Architecture Overview
┌─────────────────────────────────────────────────────────┐
│ Memory Manager │
├─────────────────────────────────────────────────────────┤
│ ┌───────────────┐ ┌─────────────┐ ┌───────────────┐ │
│ │ Buffer │ │ Working │ │ Persistent │ │
│ │ Memory │ │ Memory │ │ Memory │ │
│ │ │ │ │ │ │ │
│ │ In-memory │ │ FAISSx │ │ SQLite/ │ │
│ │ ring buffer │ │ vectors │ │ PostgreSQL │ │
│ └──────┬────────┘ └──────┬──────┘ └────────┬──────┘ │
│ └──────────────────┼──────────────────┘ │
│ ┌───────────┴───────────┐ │
│ │ Query Planner │ │
│ │ (semantic + recency) │ │
│ └───────────────────────┘ │
└─────────────────────────────────────────────────────────┘
Buffer Memory
Implementation
class BufferMemory:
def __init__(self, size=50, multiplier=10):
self.messages = deque(maxlen=size)
self.summaries = deque(maxlen=size * multiplier)

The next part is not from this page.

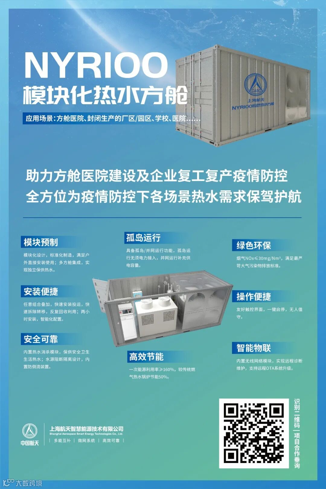 为助力方舱医院建设及企业复工复产疫情防控工作,上海航天智能迅速组建以青年干部为主的模块化热水方舱项目组,项目组在前期NY40+热水模块丰富的场景应用经验基础上,云上协同设计,快速响应,依托领先的研发实力,过硬的航天品质,强大的服务保障能力重磅推出【NYR100 模块化热水方舱】, 解决方舱医院、封闭生产的工厂/园区、学校等应用场景热水需求,模块预制、快速响应、安装便捷、一键启停、安全可靠,全方位为疫情防控下各场景热水需求保驾护航。

self.embedding_cache = LRUCache(1000)
Behavior
| Operation | Complexity | Notes |
|---|---|---|
| Add message | O(1) | Append to ring buffer |
| Get recent N | O(N) | Slice from deque |
| Overflow | O(k) | Summarize k oldest messages |
Summarization
When buffer exceeds size:
- Take oldest N messages (batch)
- LLM summarizes into single entry
- Summary moved to extended buffer
- Original messages dropped
Messages: [1, 2, 3, ..., 50, 51] ← overflow!
↓
Summarize [1-10] → "User discussed project setup..."
↓
Messages: [11, 12, ..., 50, 51]
Summaries: ["User discussed project setup..."]
Working Memory
Vector Store
MUXI uses FAISS for vector similarity search:
class WorkingMemory:
def __init__(self, dimension=1536):
self.index = faiss.IndexFlatIP(dimension) # Inner product
self.metadata = {} # id → metadata mapping
Indexing
New content (tool output, user info)
↓
Embed with LLM
↓
Add to FAISS index
↓
Store metadata (timestamp, source, user_id)
Search
def search(self, query: str, k: int = 5) -> List[Memory]:
query_vec = embed(query)
distances, indices = self.index.search(query_vec, k)
return [self.metadata[i] for i in indices[0]]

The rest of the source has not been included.